While the idea of saving money this way seems a little counterintuitive — I’m driving back and forth from the office every day, after all — I think it’s a bit of a balancing act. By working in an office, that means a few things to me:
- In winter, I’m not paying my own heating bill half the time, I just soak up all the office heat during the day instead — in the summer, it’s A/C.
- The same applies to electricity, water, and so on. Let’s do all that on the office’s dollar.
- If necessary or in an emergency, I could cancel the internet at my apartment, because I’d still have it at work.
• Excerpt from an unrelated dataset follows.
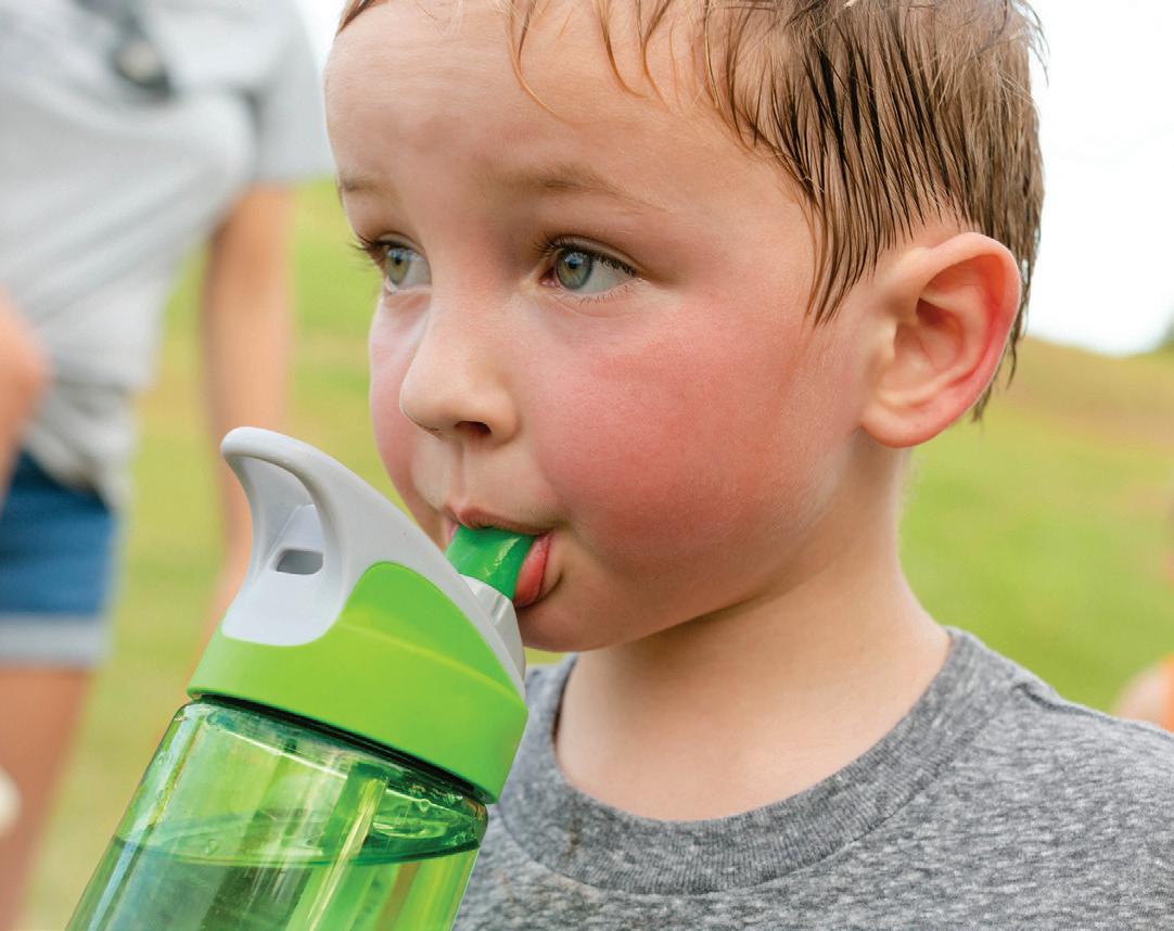 Don’t wait until your child is thirsty to encourage them to hydrate. Serve water 30 minutes before an activity. Kids who weigh less than 90 pounds should aim for five ounces of water every 20 minutes, and those who weigh more than 90 pounds should aim for eight ounces every 20 minutes.
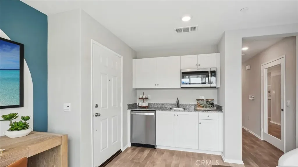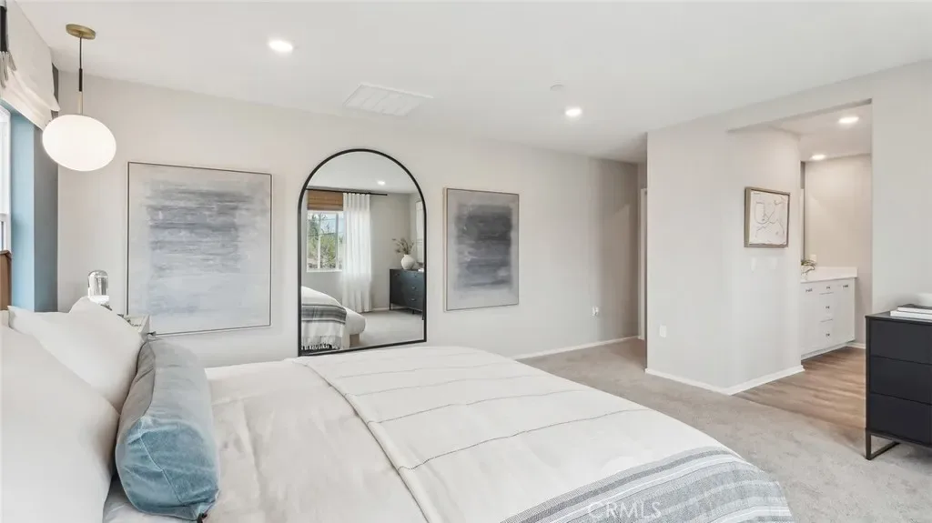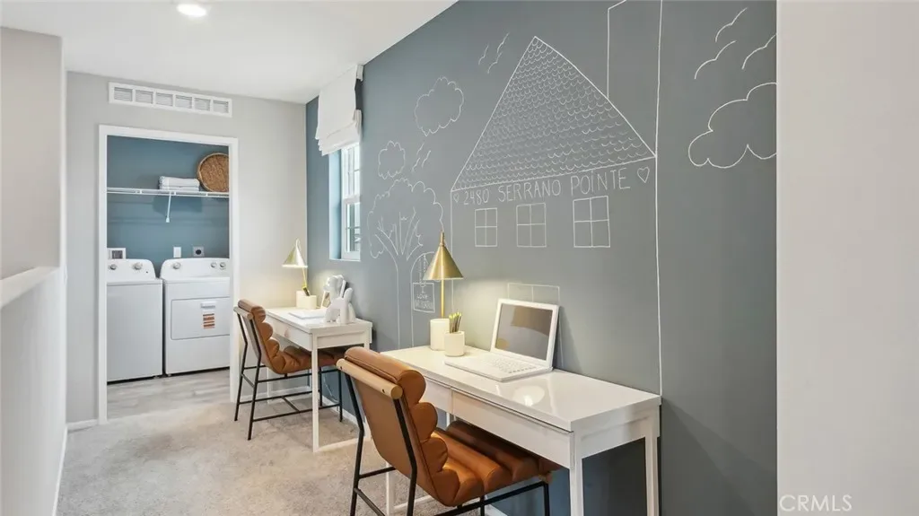 MODEL HOME – This Plan 2,480 square foot MultiGEN suite home on a corner lot has a California Traditional facade and a separate entry on the front side of the home to the suite with a lounging area, kitchenette with sink, microwave, and mini-refrigerator, stackable washer and dryer closet, bedroom and a full bathroom. The main home has a downstairs powder bathroom, open concept great room with dining area and a kitchen island with granite counters, stainless-steel appliances, walk-in pantry, and white shaker-style cabinetry throughout. Upstairs is a Tech area, laundry room with linen closet, the primary bedroom with ensuite and walk-in closet, two additional bedrooms, and full bathroom. The home comes with Smart Home technology, is all-electric, and includes an attached 2-car garage pre-plumbed for an electric car. The front yard is landscaped and irrigated. We anticipate this home will be ready for move in June 2026.

- I save on essentials like coffee, cereal, and other small snacks provided in the breakroom. This includes the occasional catered lunch, breakfast, etc., which are especially great if you’re a big fan of restaurants but are trying to stick to a budget and eat out less.
- Working in an office under a corporation/business, rather than freelancing, means I’m more eligible for paid sick leave, paid vacation, health insurance, and all of those others things that would otherwise come out of pocket if I was my own boss.
All of these things may seem small, and perhaps more like “perks” than actual “magic tricks to saving money,” but especially if you’re just getting out on your own, trying to make your way in the world and save money wherever you can, the little things add up. A meal a day, a cut in the heating bill — they may seem negligible, but especially when you’re on a tight budget, even the negligible things can make a difference.
In your own experience, do you prefer working at home or in an office? While it’s obvious both have their ups and downs, their pros and cons, there isn’t a universal answer that applies to everyone when it comes to which is actually “better.” If you could choose one over the other, would you? Maybe you prefer a balance of the two? Leave your thoughts in the comments!